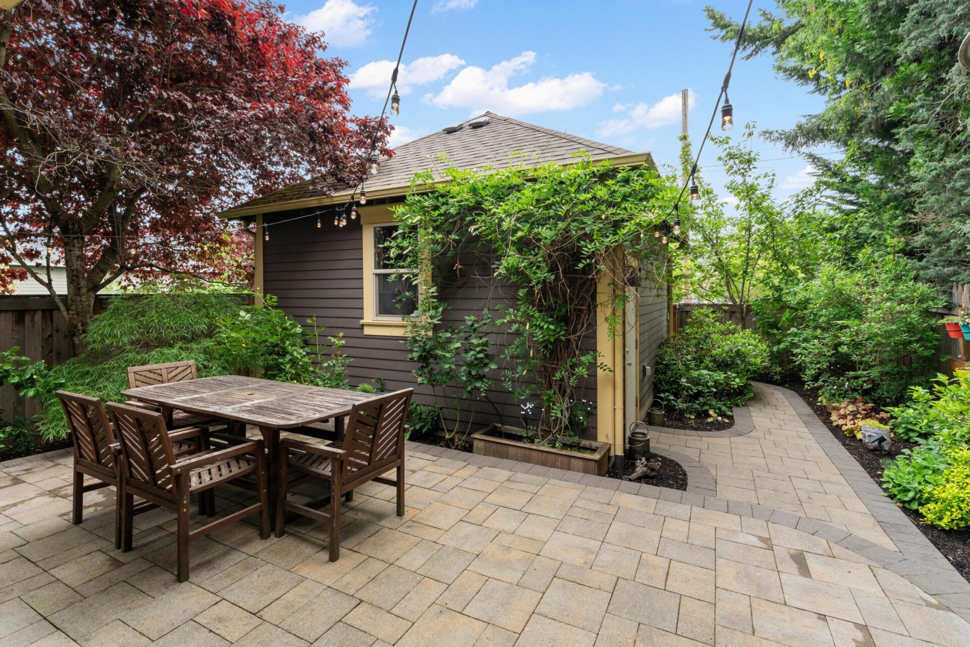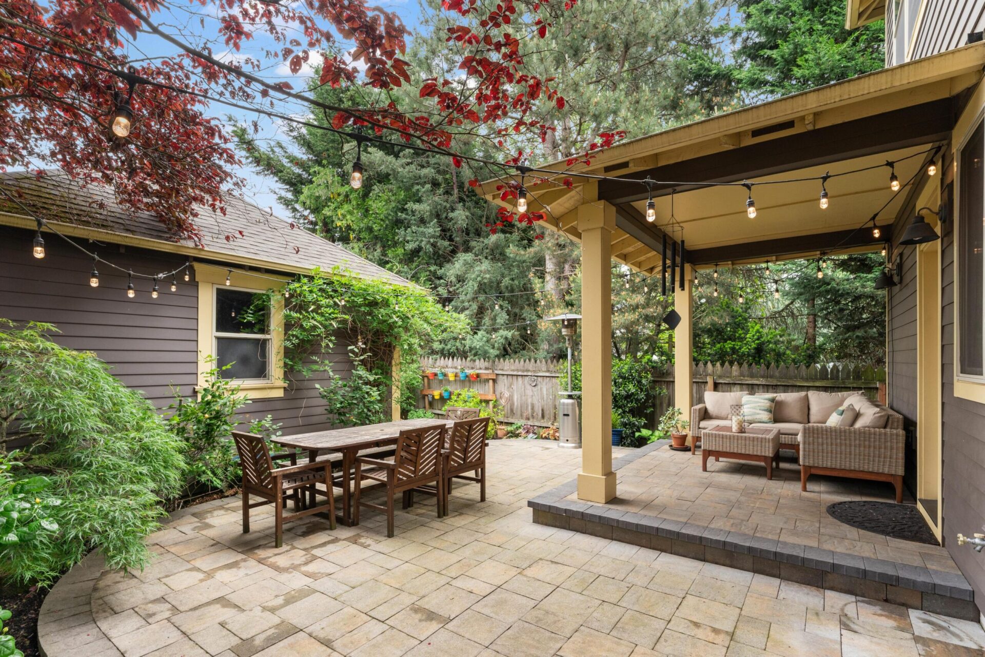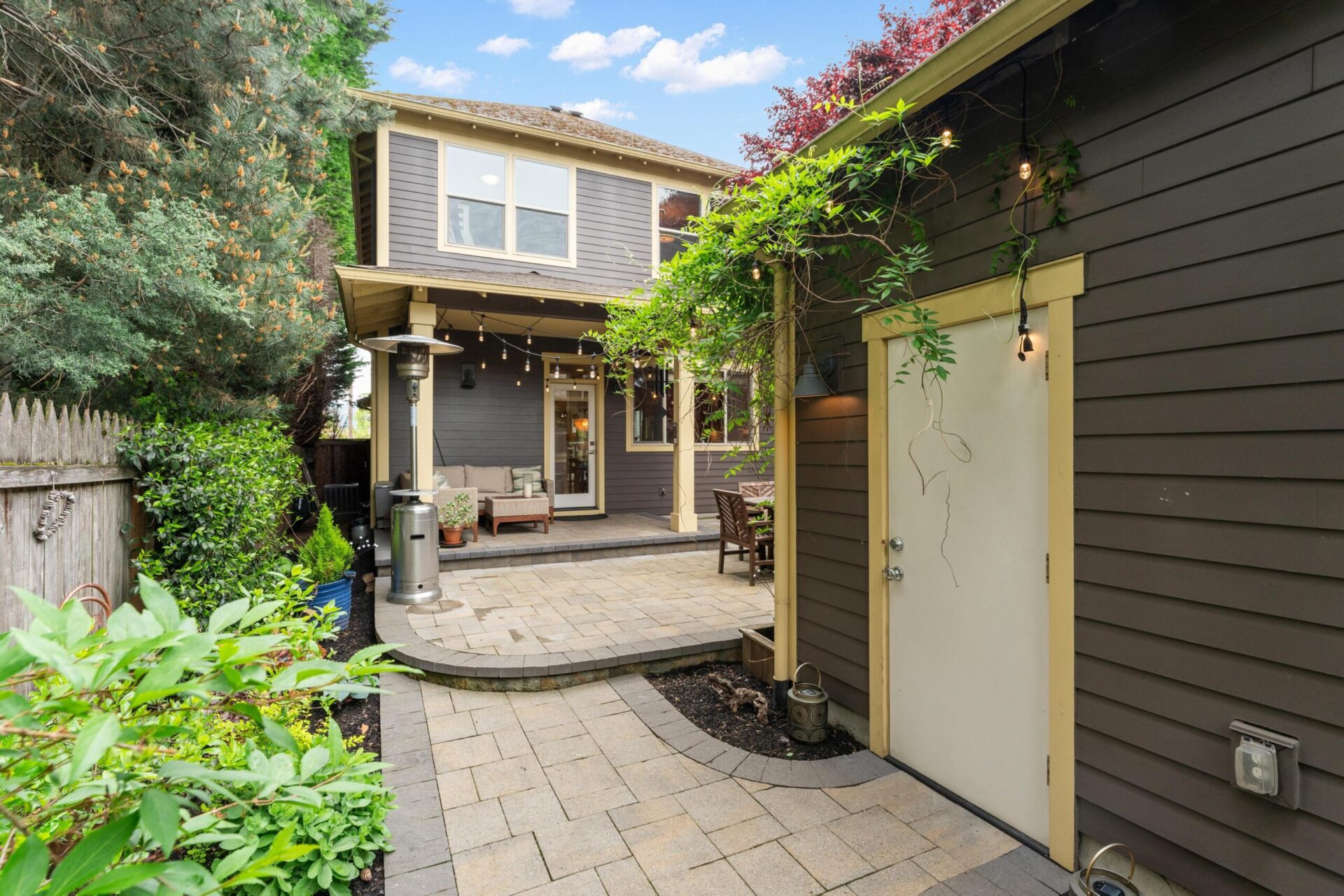 Built in 2014, this stunning foursquare home sits prominently in University Park on N. Bowdoin and N. Monteith. As you approach the home you will notice the incredible east elevation which features a dry stack wall, gorgeous plantings and the home's open, broad shouldered porch. Entering the home you will immediately witness numerous builder upgrades including a solid wood front door and the sand-in-place oak hardwoods that run throughout the formal spaces and kitchen. With over 1000 square feet, the main floor is home to the highly sought after open concept floor plan where the expansive living room seamlessly connects to the dining room and then beyond to the open kitchen. Stunning built-ins, box beam ceilings, period lighting and custom details highlight the living and dining rooms, while the kitchen is highlighted by a large island clad in granite, cherry cabinetry, subway field tile and a great appliance package. Beyond these spaces is the home's main floor bedroom which sits just off a full bathroom accessible from both the bedroom and main hallway. Moving upstairs you will find another 1000 square feet, home to three full bedrooms, two bathrooms and a laundry room. Anchoring the east side of the floor are two bedrooms with wall to wall carpet, tall ceilings and designer colors. A shared bathroom sits just down the hall across from the laundry room. At the west end of the floor is the amazing primary suite which features gorgeous millwork, an expansive walk-in closet and a luxurious en suite bathroom with double vanity, soaking tub and separate tile set shower. Carrera marble tile, a custom, stain grade, double vanity with undermounted sinks and the perfect period sconces round out the beautiful finish palette. Beyond the 2000 plus square foot interior is an amazing private backyard that includes a stunning covered patio, an expansive lower patio, gorgeous landscaping at every turn and an oversized detached garage. Inside and out, this property leaves no stone unturned in addition to having an address just blocks from Starbucks, New Seasons and McKenna Park. Incredible stewardship coupled with design-rich upgrades make this home one of University Park's most noteworthy properties.
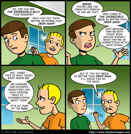 ...but if you say Hulk is better than Iron Man, I'll punch you in the neck!
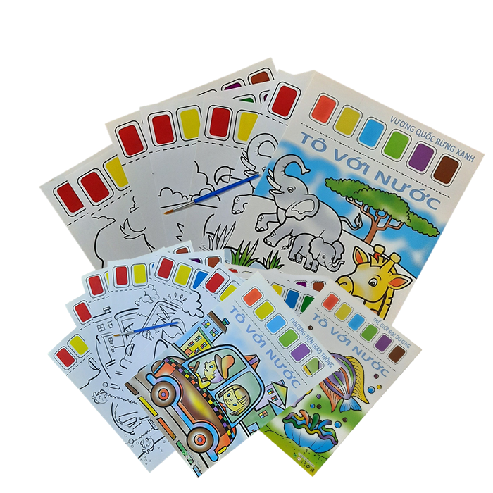 +Với mực mầu được ép khô sẵn trên các bức tranh với bảng màu sẵn có cộng với bút lông mềm mại bé chỉ cần nhúng bút vào nước rồi mài nhẹ trên bảng màu làm tan màu là bé có thể thoải mái tô và sáng tạo mà không sợ vấy bẩn quần áo tay chân hay bàn học.
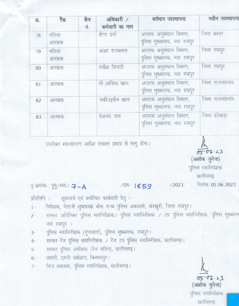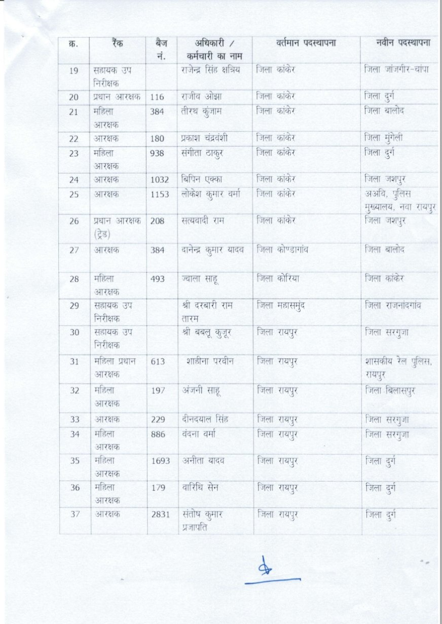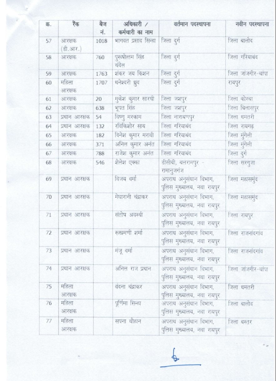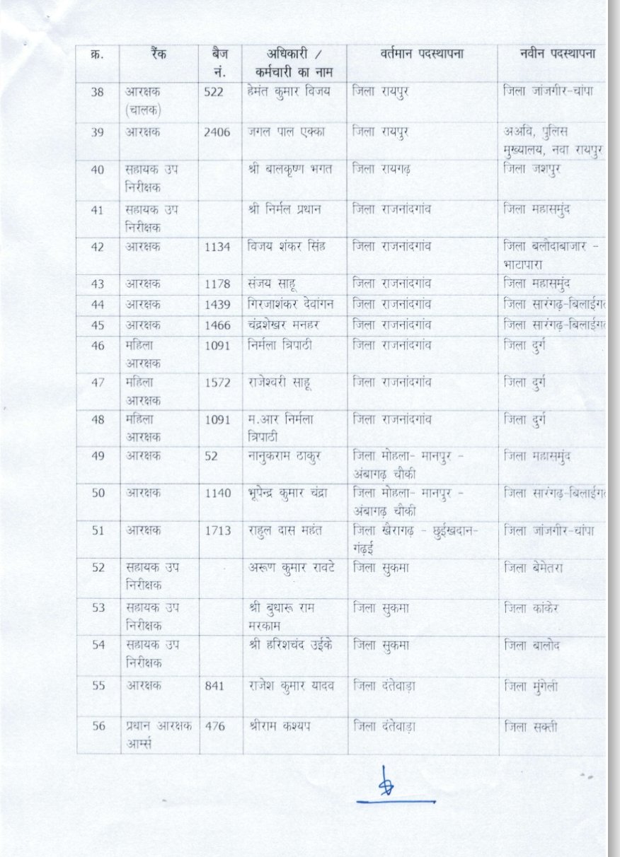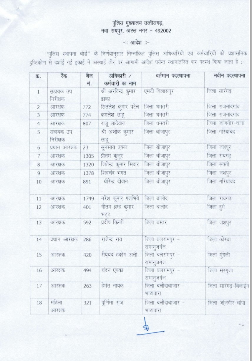 रायपुर – प्रदेश के विभिन्न जिलों में तैनात रक्षित निरीक्षकों से लेकर उप निरीक्षकों, सहायक उप निरीक्षकों प्रधान आरक्षक सहित आरक्षकों का तबादला आदेश जारी किया गया है, लंबे समय से इस लिस्ट के निकलने की प्रतीक्षा की जा रही थी, वही अब सभी की नई तैनाती की गई है, देखिए लिस्ट

### TASK TO CARRY OUT
Leave the images aside and retype each line of the listing above exactly.

### SOLVED PROBLEM
 Built in 2014, this stunning foursquare home sits prominently in University Park on N. Bowdoin and N. Monteith. As you approach the home you will notice the incredible east elevation which features a dry stack wall, gorgeous plantings and the home's open, broad shouldered porch. Entering the home you will immediately witness numerous builder upgrades including a solid wood front door and the sand-in-place oak hardwoods that run throughout the formal spaces and kitchen. With over 1000 square feet, the main floor is home to the highly sought after open concept floor plan where the expansive living room seamlessly connects to the dining room and then beyond to the open kitchen. Stunning built-ins, box beam ceilings, period lighting and custom details highlight the living and dining rooms, while the kitchen is highlighted by a large island clad in granite, cherry cabinetry, subway field tile and a great appliance package. Beyond these spaces is the home's main floor bedroom which sits just off a full bathroom accessible from both the bedroom and main hallway. Moving upstairs you will find another 1000 square feet, home to three full bedrooms, two bathrooms and a laundry room. Anchoring the east side of the floor are two bedrooms with wall to wall carpet, tall ceilings and designer colors. A shared bathroom sits just down the hall across from the laundry room. At the west end of the floor is the amazing primary suite which features gorgeous millwork, an expansive walk-in closet and a luxurious en suite bathroom with double vanity, soaking tub and separate tile set shower. Carrera marble tile, a custom, stain grade, double vanity with undermounted sinks and the perfect period sconces round out the beautiful finish palette. Beyond the 2000 plus square foot interior is an amazing private backyard that includes a stunning covered patio, an expansive lower patio, gorgeous landscaping at every turn and an oversized detached garage. Inside and out, this property leaves no stone unturned in addition to having an address just blocks from Starbucks, New Seasons and McKenna Park. Incredible stewardship coupled with design-rich upgrades make this home one of University Park's most noteworthy properties.
 ...but if you say Hulk is better than Iron Man, I'll punch you in the neck!
 +Với mực mầu được ép khô sẵn trên các bức tranh với bảng màu sẵn có cộng với bút lông mềm mại bé chỉ cần nhúng bút vào nước rồi mài nhẹ trên bảng màu làm tan màu là bé có thể thoải mái tô và sáng tạo mà không sợ vấy bẩn quần áo tay chân hay bàn học.
 रायपुर – प्रदेश के विभिन्न जिलों में तैनात रक्षित निरीक्षकों से लेकर उप निरीक्षकों, सहायक उप निरीक्षकों प्रधान आरक्षक सहित आरक्षकों का तबादला आदेश जारी किया गया है, लंबे समय से इस लिस्ट के निकलने की प्रतीक्षा की जा रही थी, वही अब सभी की नई तैनाती की गई है, देखिए लिस्ट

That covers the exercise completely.